José Carlos Lorenzana es
minero, uno de los que anduvo hasta Madrid en aquella histórica marcha
de 2012. Llegó a ser alcalde de su pueblo, Pola de Gordón (León).
Luego
vendrían las decepciones y la dimisión. Íntegro, coherente, enorme
luchador, formuló una inquietante pregunta tras leer que la Fiscalía
pide no juzgar al PP por el borrado de los ordenadores de Bárcenas:
“¿Quién de vosotros estaría dispuesto a sacrificar su carrera
profesional, y probablemente su vida familiar, por combatir algo, la corrupción, que dos tercios de los españoles justifican y ven bien?”
La cuestión nos martillea de continuo a muchos, la oímos a menudo, la vemos en los comentarios a los artículos. Les votarán igual, la mayoría ni se molesta en leer reflexiones que quedan para un sector de concienciados de antemano.
El dopaje que proporciona la corrupción altera los resultados
electorales y, dentro de ella, la formidable máquina de apoyo a la
propia corrupción del sistema. Pero es cierto que tenemos un problema.

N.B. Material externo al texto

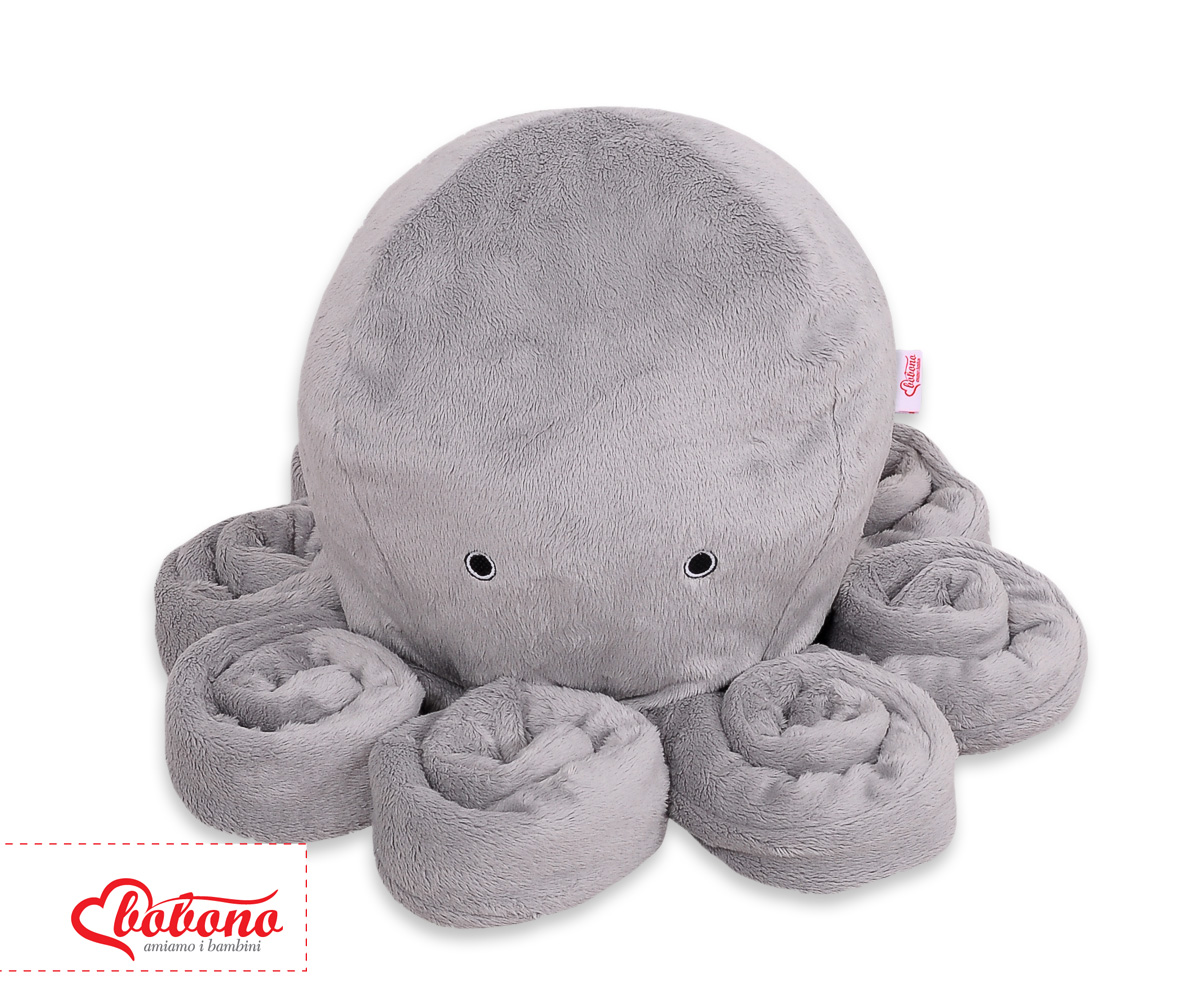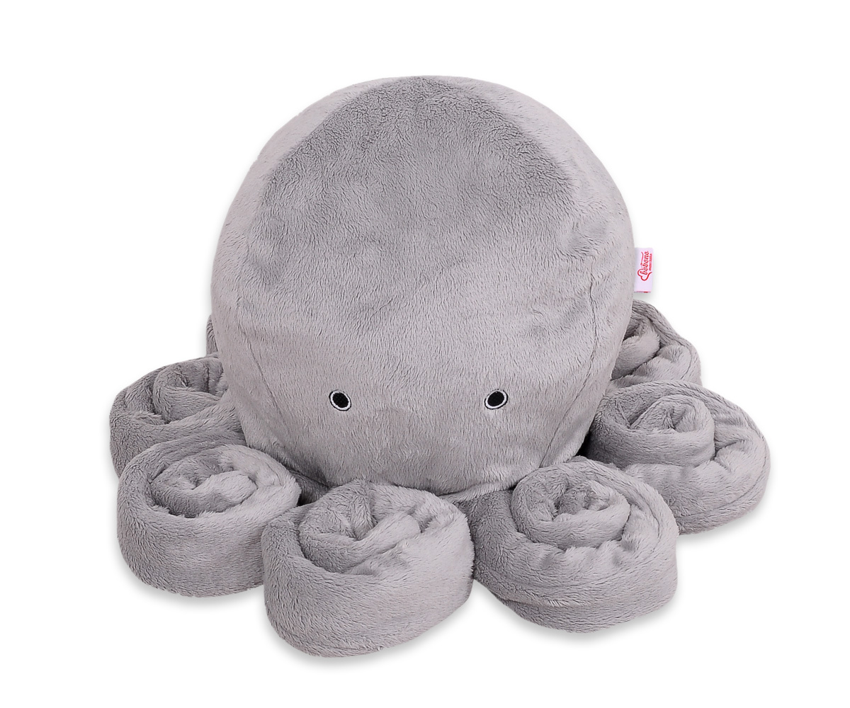 Tämä hupaisa ja halittava tyyny sopii kuin nakutettu jokaiselle vauvalle. Mustekalan lonkerot tuntuvat mukavilta vauvan pikkukätösissä. Tyyny on hauska ja turvallinen virike vauvan ensihetkistä lähtien. Hellä helistimen ääni kerää vauvan huomion itseensä. Pöyheä ja pehmeä tyyny on hellävaraista pörrö-fleeceä. Täyte on silikonista eko-palloa, eli kuin keinotekoista untuvaa. Muotoilu takaa vauvalle mukavan asettumisen sekä ilman kiertämisen.

Los motivos de preocupación son fundados. Está adquiriendo caracteres de
plaga, al punto que se busca cómo tratarla. Nos enfrentamos a la
creciente influencia de los idiotas.
El concepto de “idiota”
nació como una definición. En la Antigua Grecia. Describía a una persona
egoísta y que se desentendía de los asuntos públicos. De ahí vinieron
los añadidos peyorativos, la torpeza y cortedad de entendimiento, porque
quien descuida su papel en lo común ha de saber que alguien lo hace por
él. Muchas veces en contra de sus propios intereses y no existe
ineptitud mayor. Las evidencias del masivo ascenso de los nuevos
idiotas son abrumadoras. Todo el sistema aboca a este modelo. De hecho
algunos ya han llegado a los gobiernos y desde luego al staff directivo
de periódicos. Multiplicando por esporas cada día el crecimiento del
fenómeno.
Ya se hacen estudios y se
esbozan manuales para tratar con los idiotas, aunque no los llaman
exactamente así. Nos están hablando de personas que se mueven por
emociones y rechazan los argumentos, pétreas ante razonamientos, aunque
les muestren su error. Seres irracionales, por tanto. Hace unos días el
periodista científico de El País Javier Salas publicó un exhaustivo
trabajo sobre el tema que titulaba: ¿Por qué no cambiamos de opinión aunque nos demuestren que estamos equivocados?
Los datos contrastados convencen menos que los mensajes emocionales.
Diversos estudios revelan las limitaciones de la razón, añadía. En
algunos individuos más que en otros, eso es notorio, pero en número
creciente.
Están y proliferan ya en múltiples campos. Un informe europeo saca los colores a la sanidad en España por sus listas de espera y su excesiva dependencia de la privada.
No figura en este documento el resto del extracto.